The November 2015 elections initially appeared to be a milestone for Myanmar’s reform, and a legacy for the then President Thein Sein, with a sweeping win for Aung San Su Kyi’s party, but the fact that the Generals retained a key 25% block in Parliament quickly started to cast a shadow. Despite that, Billions of dollars of aid and investment flowed into the country, with dramatic impact seen in several areas. Land prices sky-rocketed, and everybody looked at putting a toe in the water.
The shine came off the Golden Land very quickly in 2017 when the problems in Rakhine state illuminated more issues than the West was really keen to know. Firstly, the Military is very good at reacting swiftly and fiercely to any challenge on its borders, as it has been hardened for many years in its battles with Ethnic groups in the northern Shan states. Secondly, the ruling party has little visible power, particularly as it has to contend with the blocking 25% stake held by the Military. Thirdly, Aung San Su Kyi has disappointed many in her apparent inability to act decisively, being the politician first and Nobel Laureate and icon of hope second. Lastly, perhaps more worryingly, is the attitude of the general population themselves to the Rohingya issue.
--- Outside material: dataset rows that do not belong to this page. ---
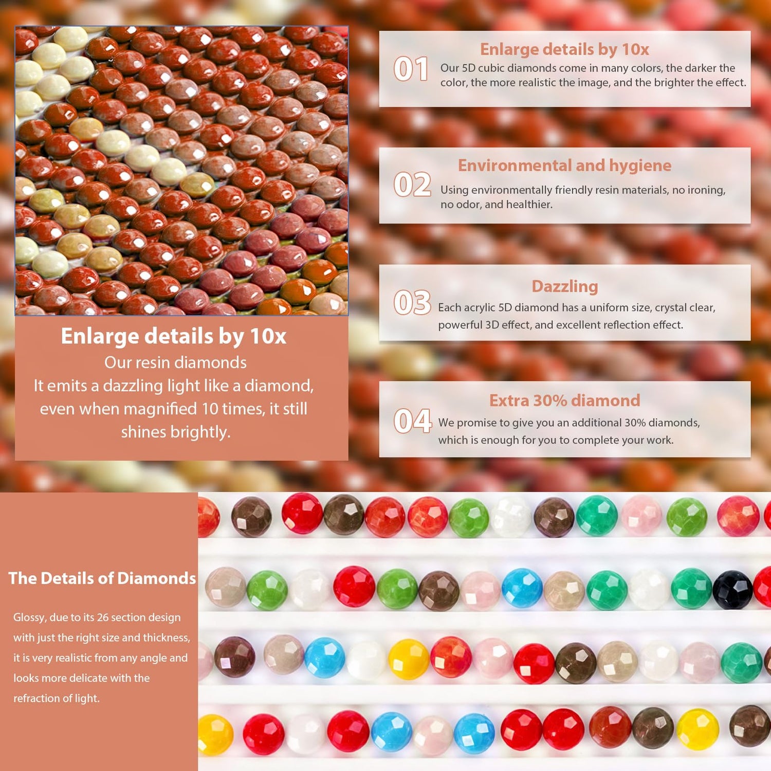 - 【Diamond Painting Kit Included】 1* new design plastic tray, self-sealing bags and enough round diamonds. You get about 30% extra diamonds in every color. A diamond canvas kit lets you make stunning diamond art, no artistic skills required
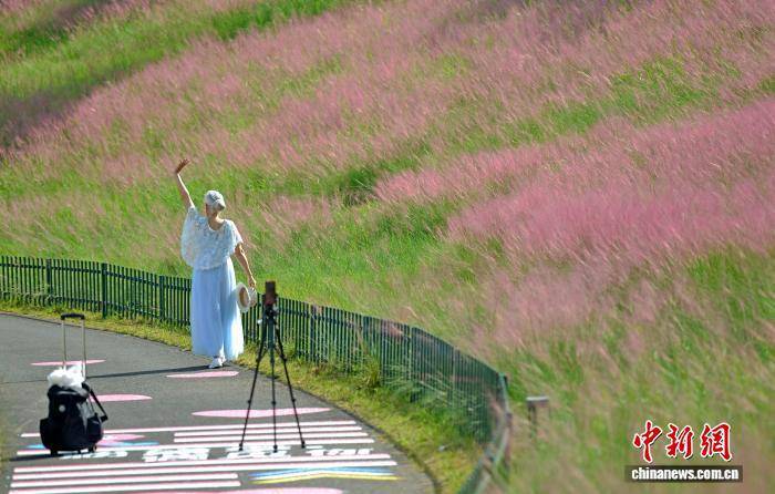 近日,广西南宁园博园里3万平方米的粉黛花迎来绚烂绽放,吸引众多民众前来打卡拍照,乐享初秋时光。图为民众在粉黛花旁打卡拍照。滕忠 摄
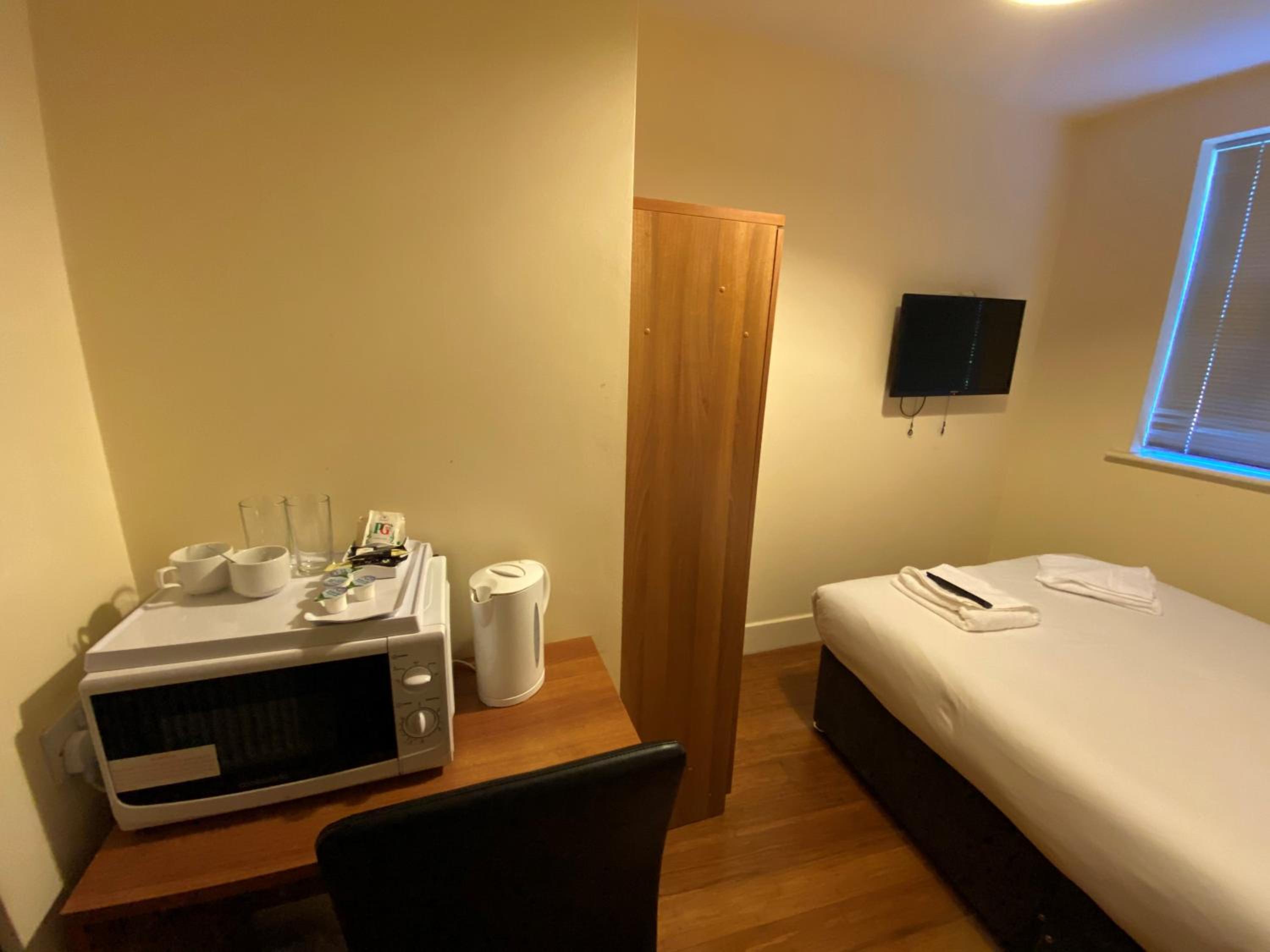 The room was well equiped, fridge,microwave, kettle. All clean and nearly new.
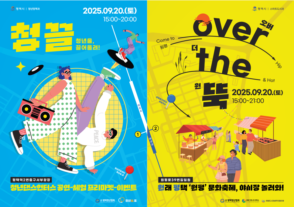 평택역 2번출구, 원평동에서 '청년의 날'과 '도시재생' 연합 축제가 함께 개최됩니다.<청년의 날 행사 안내> 2025 제4회 평택시 청년의 날 <청끌> - 청년, 끌어올려! ????한 해에 단 하루! 청년들이 주인공이 되는 특별한 날이 돌아왔습니다.올해 청년의 날은 평택역 2번 출구 서부광장이 청년들의 무대이자 놀이터로 변신합니다.1. 일시 : 2025년 9월 20일(토) 15:00~20:002. 장소 : 평택역 2번 출구 서부광장메인 프로그램 - 청년댄스헌터스개성과 열정이 폭발하는 청년 댄스 배틀!화려한 퍼포먼스와 강렬한 무대 매너로청년들의 에너지를 온몸으로 느껴보세요.청년 프리마켓 & 체험 부스손으로 만든 감성 굿즈와 청년 사장님들의 아이디어 상품,누구나 즐길 수 있는 특별한 체험이 기다립니다. 청년의 날은 단순한 축제가 아닙니다.서로의 꿈과 열정을 끌어올리는 청년들의 축제,올해 9월 20일, 평택역 2번 출구 서부광장에서 마음껏 즐겨보세요!<오버더 뚝 행사 안내>제2회 2025 원평 문화축제 <오버더뚝> 골목이 열리는 순간, 축제가 시작됩니다!1. 일시 : 2025년 9월 20일(토) 15:00~21:002. 장소 : 원평로 39번길 일원 (평택역 2번 출구 청년의날 행사 도보1분)향긋한 먹거리 향이 가득한 골목 야시장,거리 곳곳에서 울려 퍼지는 버스킹과 난타 공연,아이부터 어른까지 즐기는 페이스페인팅 체험과 다채로운 현장 이벤트! 평택역 청년의날의 신나는 행사와 플리마켓과 함께,원평로 39번길에서는 뜨끈한 길거리 음식과 화려한 공연이 기다리고 있습니다!지역 주민·상인·청년이 함께 만드는,웃음과 음악이 흐르는 하루.**제2회 원평 문화축제 <오버더뚝>**에서맛보고, 즐기고, 선물같은 하루를 보내세요! ????골목에서 만나는 특별한 하루청년의날과 함께 더 크게, 더 신나게!놓치지 마세요
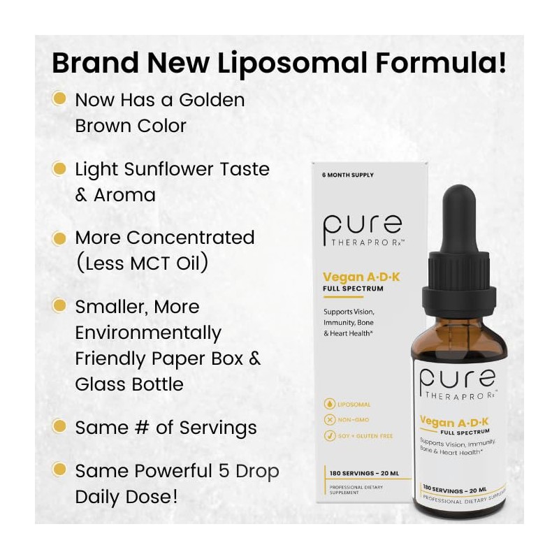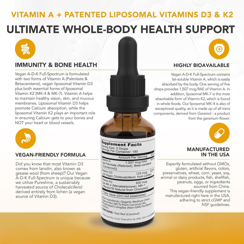 Pure TheraPro Rx Vegan A-D-K Drops - 6 Month Supply - Vitamin A (Palmitate & Betacarotene), Liposomal Vitamin D3 (Pureshine), Liposomal Vitamin K2 (MK-4 & MK-7) Supports Immunity & Bone Health - 20 mL
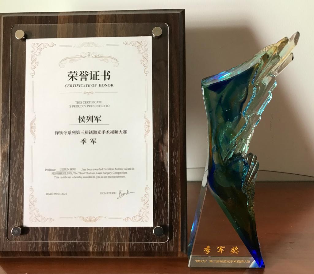 作为决赛中唯一一名区级医院选手,同时也是宁波地区唯一一位晋级决赛的选手,侯列军副主任医师在导师鄞州二院泌尿外科学科带头人翁国斌主任医师指导下,以一例“经尿道铥激光前列腺剜除术”,全方位展示了铥激光手术的技术特点和临床治疗效果,展现了鄞州二院泌尿外科中青年骨干医生的高水准与强实力,最终荣获总决赛季军。
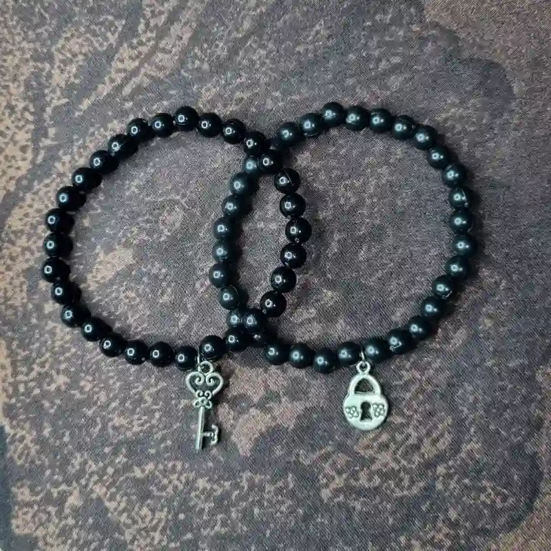 Pareja de pulseras de perlas de 6mm con llave y candado

The Rohingya have little support among Myanmar’s 135 distinct ethnic groups, across the spectrum of religious, economic or educational levels. They are not valued as citizens of Myanmar. Their land sits in an important geographical area which promises access to resources for foreign investors, particularly the Chinese. They do, of course, have different religious beliefs to the majority of the predominantly Buddhist Myanmar people, but the problem is not only about religion.
The refugee crisis that is emerging as a result of the clearing of the Rohingya is possibly the worst in the world, on par with Syria. The world is unprepared. Bangladesh, the recipient of much of the recent influx, possibly numbering close to one million displaced people, is unable to cope and contain these starving and maltreated people.
The pressure on Myanmar will almost certainly increase. Its golden shine has been indelibly tarnished, and the next few years will bring domestic political change, possibly a coalition, or worst still a more pro-Military led parliament, once more, but almost certainly consigning the legacy of Aung San Su Kyi to disgrace. What this means for investors is unknown. There have been some positive improvements for Myanmar’s 60 million people, in particular, a dramatic improvement in its connectivity – now more than 80% of the population have access to a data-enabled phone. Information is more free-flowing, at least for now, for as long as the Military does not interfere too much (It controls one of the four mobile telecoms company, MPT, and is friendly to the fourth, controlled by Vietnam’s military.)

The Chinese are willing to protect Myanmar’s Generals and may become the source of financing for infrastructure development that is much needed, and which Japan and some of the multilateral agencies may be unwilling or unable to provide if targetted sanctions are re-imposed.